Api does not support utf-8 encoding

Greetings to all,

I am currently working on a chatbot application in Flutter and I have encountered an issue with the encoding of the response received from the OpenAI API. Despite using HTTP requests, some characters, such as ‘é, à, où, …’, are being displayed incorrectly. I have attempted to resolve this issue by adding the ‘charset=UTF-8’ parameter in the API configuration, but the result remains the same.

1 Like

Hi @darrelx

What to you mean precisely above?

Displayed where? On an HTML page? In the terminal?

:slight_smile:

For a French response, instead of “célébrité”, “répondre à”. I get “cà © lèbrèbres”, “rà © pondre Ô.
DIsplayed in my terminal, i’m using the last version of Powershell, i don’t think the terminal doest not support. And please excuse if my English or my words are not clear in advance.

I’m having the same kinds of problems. It looks like there are often incorrectly encoded characters in the data sent back from the API, perhaps due to mixing together bits of text from different sources with slightly different or inconsistent encodings?

thank you all for helping me. I solved my problem. The solution was a “response.bodyBytes” instead to “response.body”. bodyBytes is utf-8 encoded, so just decode it and access the message content.

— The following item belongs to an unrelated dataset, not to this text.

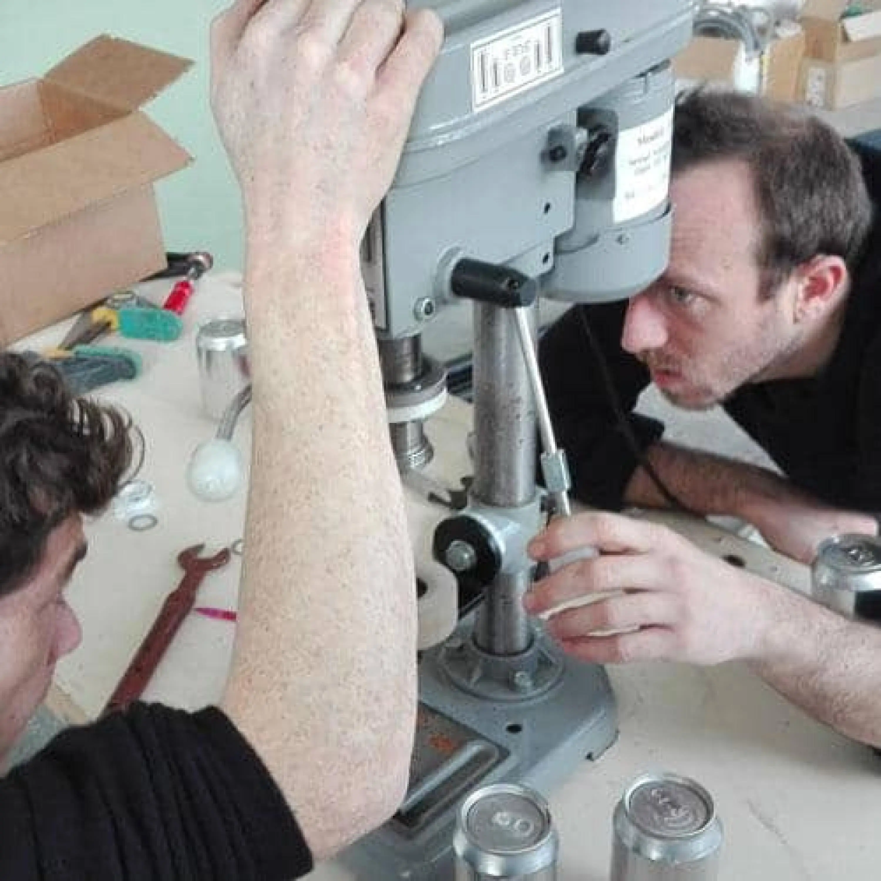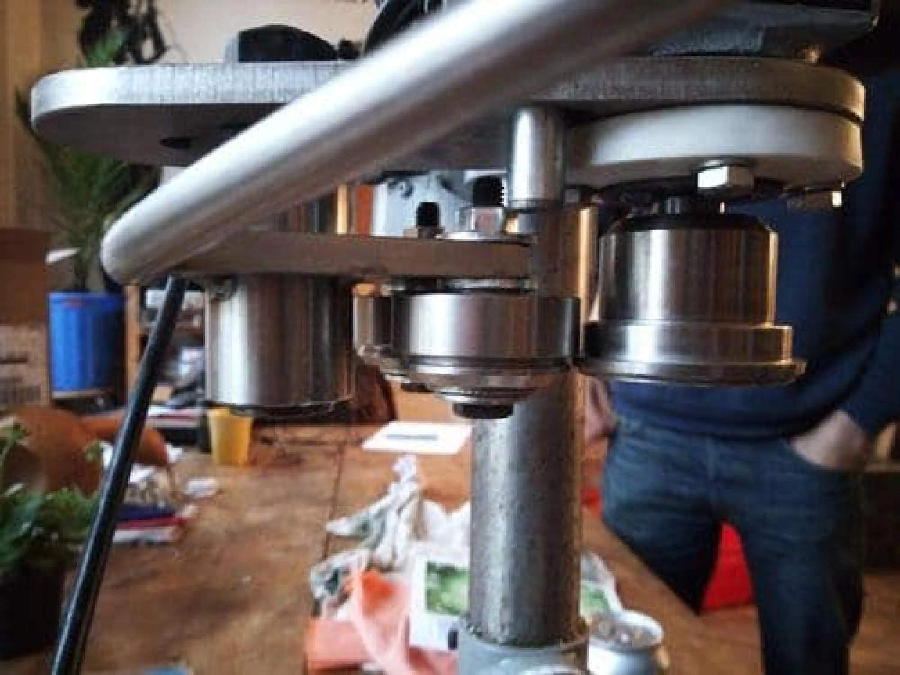 À la base, cette machine était une perceuse à colonne mais on a enlevé la mèche et son mandrin pour le remplacer par une tête de sertissage. En effet, l’opération de fermeture d’une canette s’appelle « sertissage » et consiste en plier deux métaux l’un contre l’autre pour les lier ensemble.

In dart you can resolve this with utf8.decode(<the text>.codeUnits);

But I agree that for me it used to work all the time with a raw response from openapi directly encoded in utf8…

1 Like

Thanks, this solved my problem.

I search Google & OpenAI API (python) but could not find the response.bodyBytes, could you share the details how to fix this problem?

    var temp = json.decode(utf8.decode( response.bodyBytes));
    print(temp);
2 Likes

Close to @badpaybad, for Python developers, I fixed it with a simple:

response.choices[0].message.content.encode("utf-8").decode()

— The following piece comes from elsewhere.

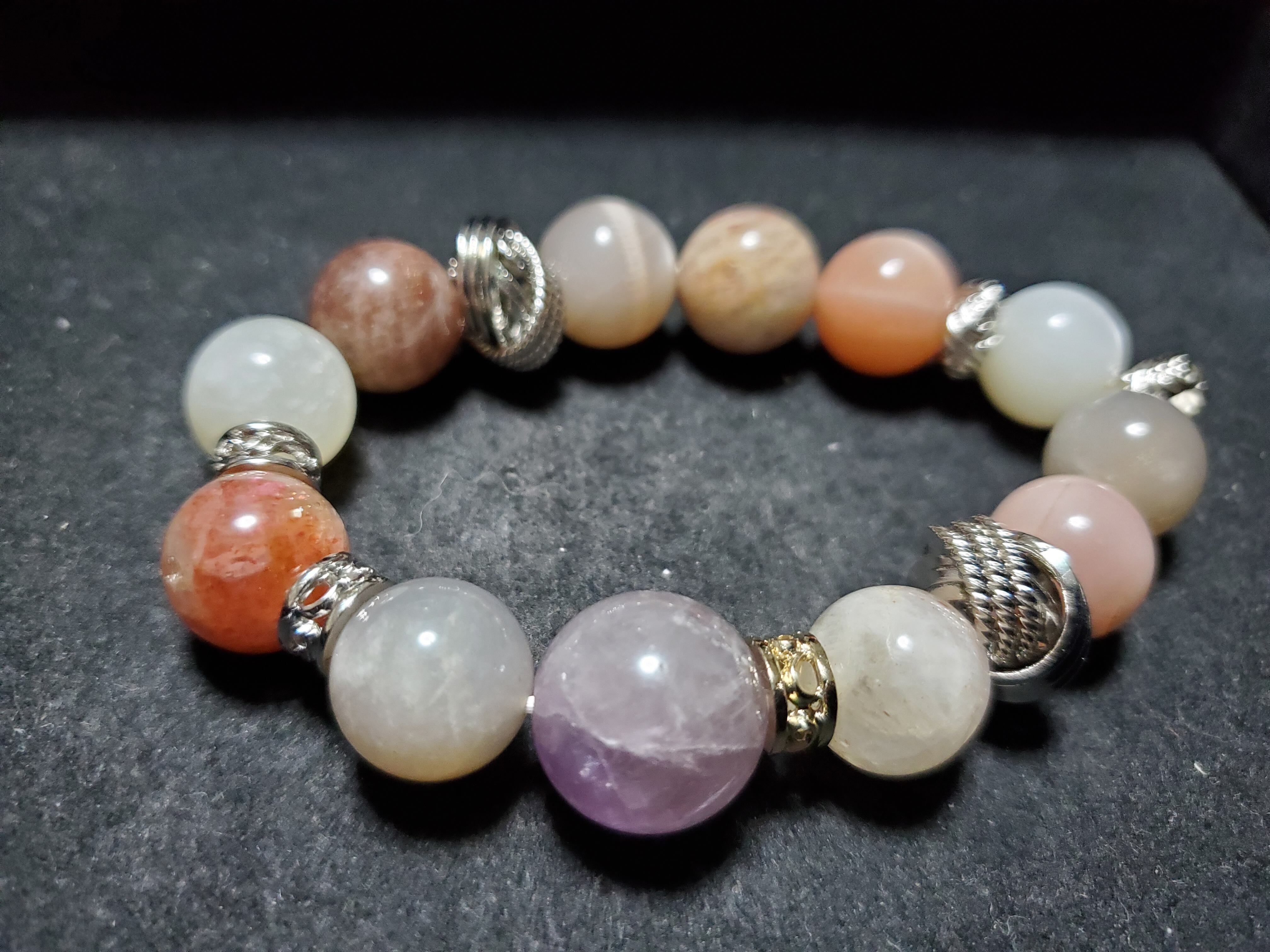 14㎜のミックスムーンストーンをベースにシルバーのロンデル、アクセントに一回り大きい、スーパーセブンを入れています。

I’m using the OpenAI Node.js API but still have text encoding problems, e.g. “K%C3%A4ngor” instead of “Kängor” but also “f\u00f6r” instead of “för” so different kinds of wrong encoding (is the LLM generating these on purpose?).

Is going “raw” and using response.bodyBytes the only solution?

Switching to gpt-4-turbo-preview (from gpt-4-1106-preview) solved it for me.